**Task to carry out**
An exact copy of the data is required. No picture may appear in it.

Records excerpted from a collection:

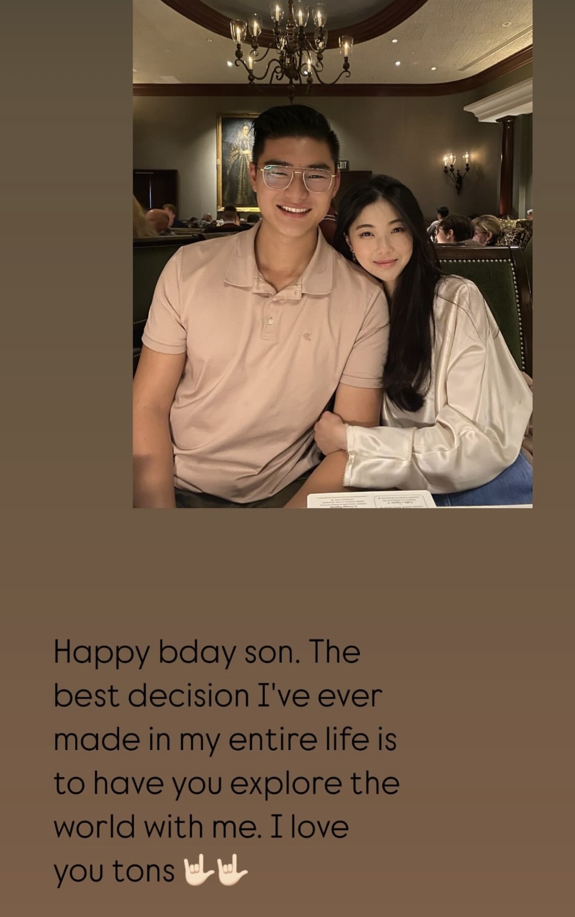 她用英文写道:“儿子,生日快乐,把你带来这个世界与我相伴,是我这辈子做过的最佳的决定。
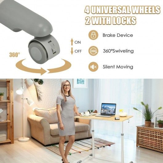 Height Adjustable Computer Desk Sit to Stand Rolling Notebook Table -Natural
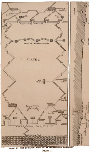 3. Then comes the first line fire trench with attached machine-gun emplacements at convenient points. (See Fire Trench and Machine-Gun Emplacements, pp. 24 and 44.)
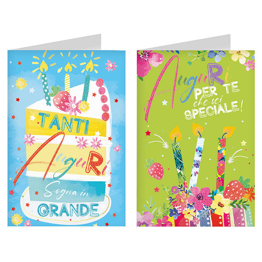 BIGLIETTI TANTI AUGURI FEMMINILI GLITTER
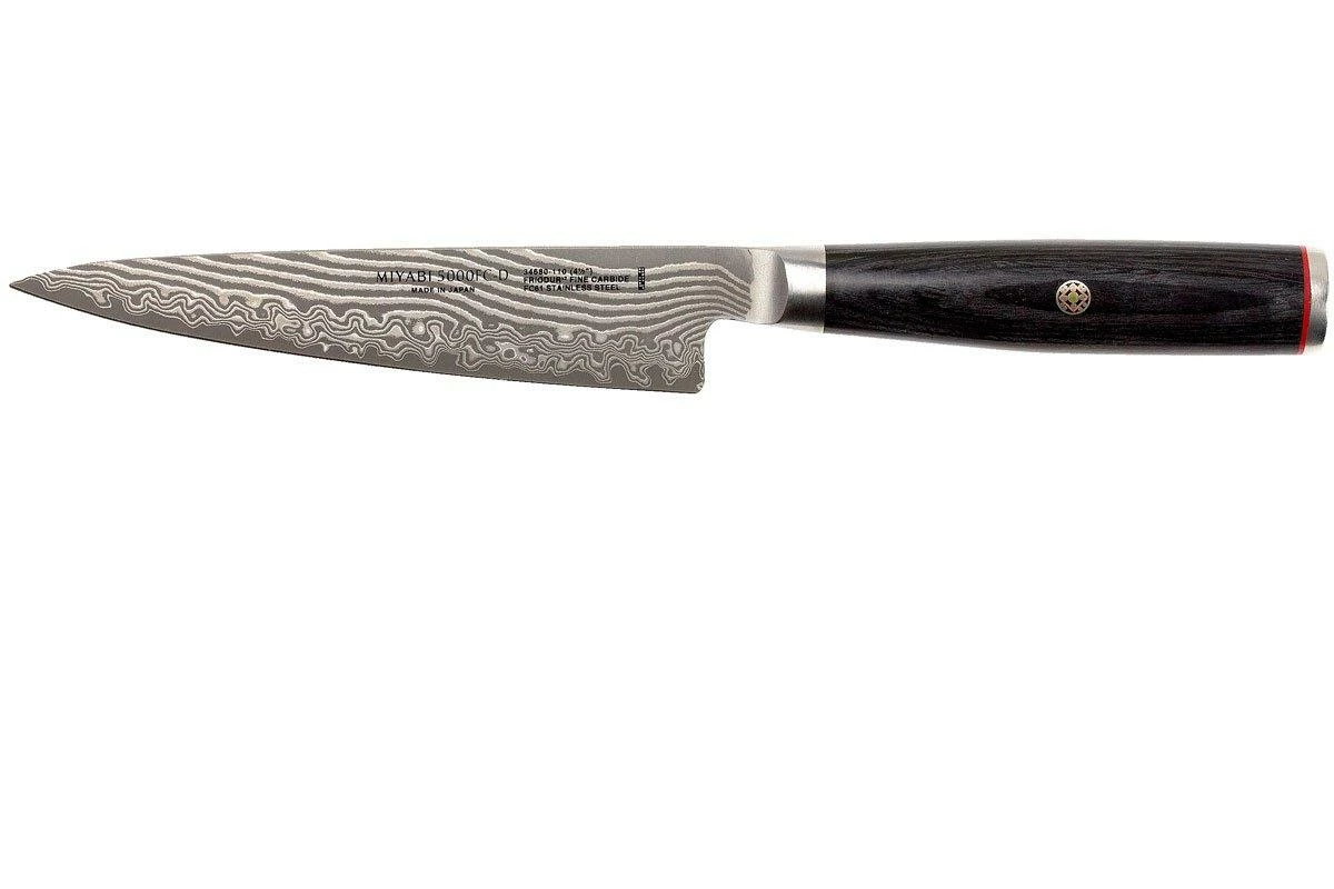 El Miyabi 5000FCD shotoh 34680-111 es un cuchillo puntilla con una longitud de hoja de 11 cm. El cuchillo ha sido fabricado en la fábrica de Zwilling J. A. Henckels en Seki, Japón.
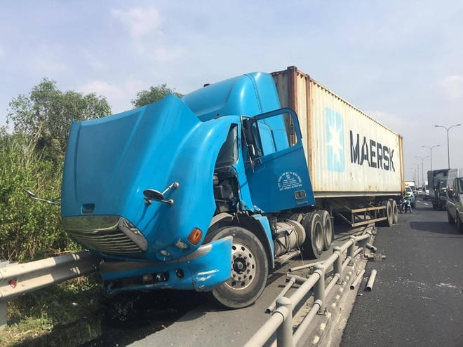 Còn tại TP HCM, khoảng 11h, xe đầu kéo BKS 51C - 208.06 kéo theo rơ-mooc chở container loại 40 feet lưu thông trên đường dẫn cao tốc TP.HCM - Long Thành - Dầu Giây (hướng từ quận 9 về quận 2). Khi vừa qua khỏi cầu Mương Kênh 200 mét (thuộc phường An Phú, quận 2, TP HCM) thì bất ngờ lao qua phải, tông vào dải phân cách bằng sắt.
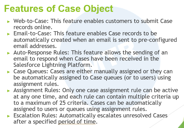 Case 레코드는 사용자들이 고객과의 전화 통화나 이메일 후 Cases 탭에서 수동으로 입력할 수 있으며, Salesforce CRM 내에서 Case의 자동화를 지원하는 다양한 기능이 있습니다. 이러한 Case는 Contact 레코드 및 Account 레코드와 연관될 수 있습니다.
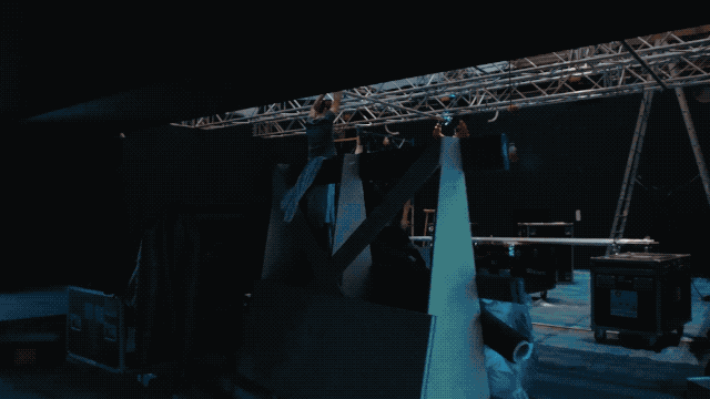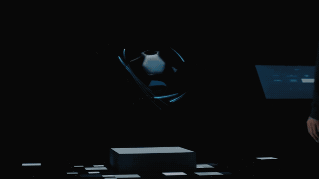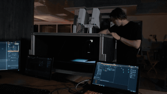 Mixed Reality装置包含LED背景墙和三个投影仪,设计团队将投影图像源嵌入到全息箔片下面的地板中,使得观众能站在与全息图相同的水平面上。
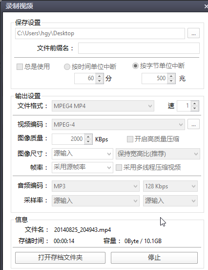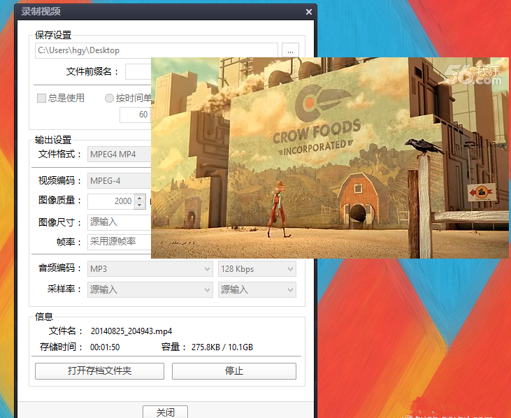 6、在截取视频结束时暂停视频播放,并且点击“停止”按钮,这一段视频就截取存放在文件夹中。

**Task output**
 她用英文写道:“儿子,生日快乐,把你带来这个世界与我相伴,是我这辈子做过的最佳的决定。
 Height Adjustable Computer Desk Sit to Stand Rolling Notebook Table -Natural
 3. Then comes the first line fire trench with attached machine-gun emplacements at convenient points. (See Fire Trench and Machine-Gun Emplacements, pp. 24 and 44.)
 BIGLIETTI TANTI AUGURI FEMMINILI GLITTER
 El Miyabi 5000FCD shotoh 34680-111 es un cuchillo puntilla con una longitud de hoja de 11 cm. El cuchillo ha sido fabricado en la fábrica de Zwilling J. A. Henckels en Seki, Japón.
 Còn tại TP HCM, khoảng 11h, xe đầu kéo BKS 51C - 208.06 kéo theo rơ-mooc chở container loại 40 feet lưu thông trên đường dẫn cao tốc TP.HCM - Long Thành - Dầu Giây (hướng từ quận 9 về quận 2). Khi vừa qua khỏi cầu Mương Kênh 200 mét (thuộc phường An Phú, quận 2, TP HCM) thì bất ngờ lao qua phải, tông vào dải phân cách bằng sắt.
 Case 레코드는 사용자들이 고객과의 전화 통화나 이메일 후 Cases 탭에서 수동으로 입력할 수 있으며, Salesforce CRM 내에서 Case의 자동화를 지원하는 다양한 기능이 있습니다. 이러한 Case는 Contact 레코드 및 Account 레코드와 연관될 수 있습니다.
 Mixed Reality装置包含LED背景墙和三个投影仪,设计团队将投影图像源嵌入到全息箔片下面的地板中,使得观众能站在与全息图相同的水平面上。
 6、在截取视频结束时暂停视频播放,并且点击“停止”按钮,这一段视频就截取存放在文件夹中。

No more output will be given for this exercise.